• **Supplied information**:
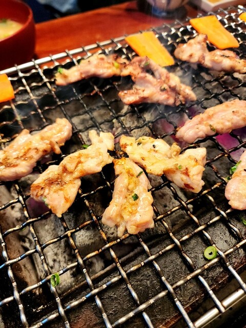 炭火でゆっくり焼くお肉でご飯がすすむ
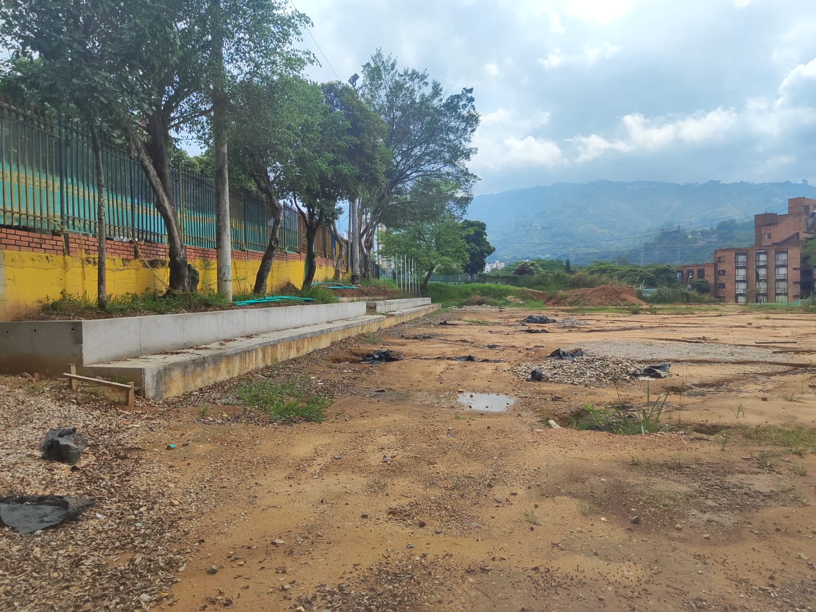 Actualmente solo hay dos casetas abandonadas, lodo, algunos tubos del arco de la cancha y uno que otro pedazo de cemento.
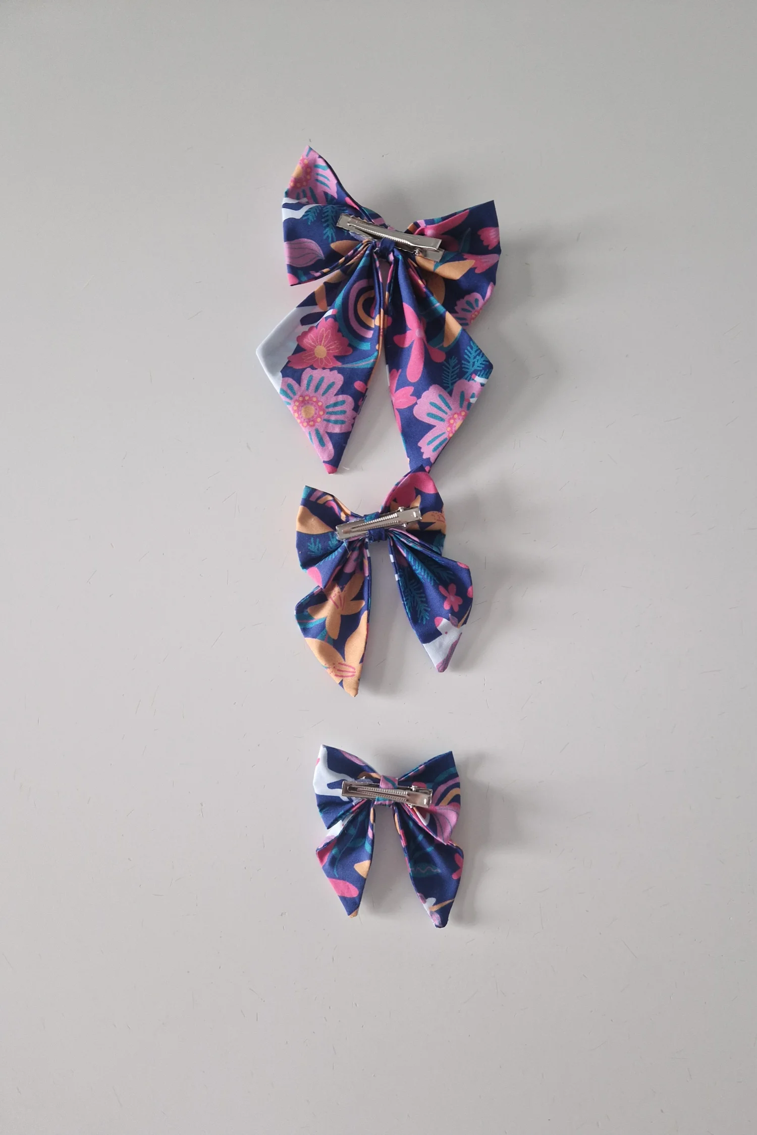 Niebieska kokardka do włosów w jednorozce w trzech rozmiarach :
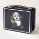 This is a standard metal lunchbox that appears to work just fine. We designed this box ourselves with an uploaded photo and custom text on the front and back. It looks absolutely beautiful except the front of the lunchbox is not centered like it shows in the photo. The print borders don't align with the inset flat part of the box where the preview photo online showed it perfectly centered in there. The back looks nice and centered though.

• **Description of the task**: Copy exactly the lines from the line holding "Niebieska kokardka do" to the final line of the listing, and leave the pictures out.

• **Answer for the task**:
 Niebieska kokardka do włosów w jednorozce w trzech rozmiarach :
 This is a standard metal lunchbox that appears to work just fine. We designed this box ourselves with an uploaded photo and custom text on the front and back. It looks absolutely beautiful except the front of the lunchbox is not centered like it shows in the photo. The print borders don't align with the inset flat part of the box where the preview photo online showed it perfectly centered in there. The back looks nice and centered though.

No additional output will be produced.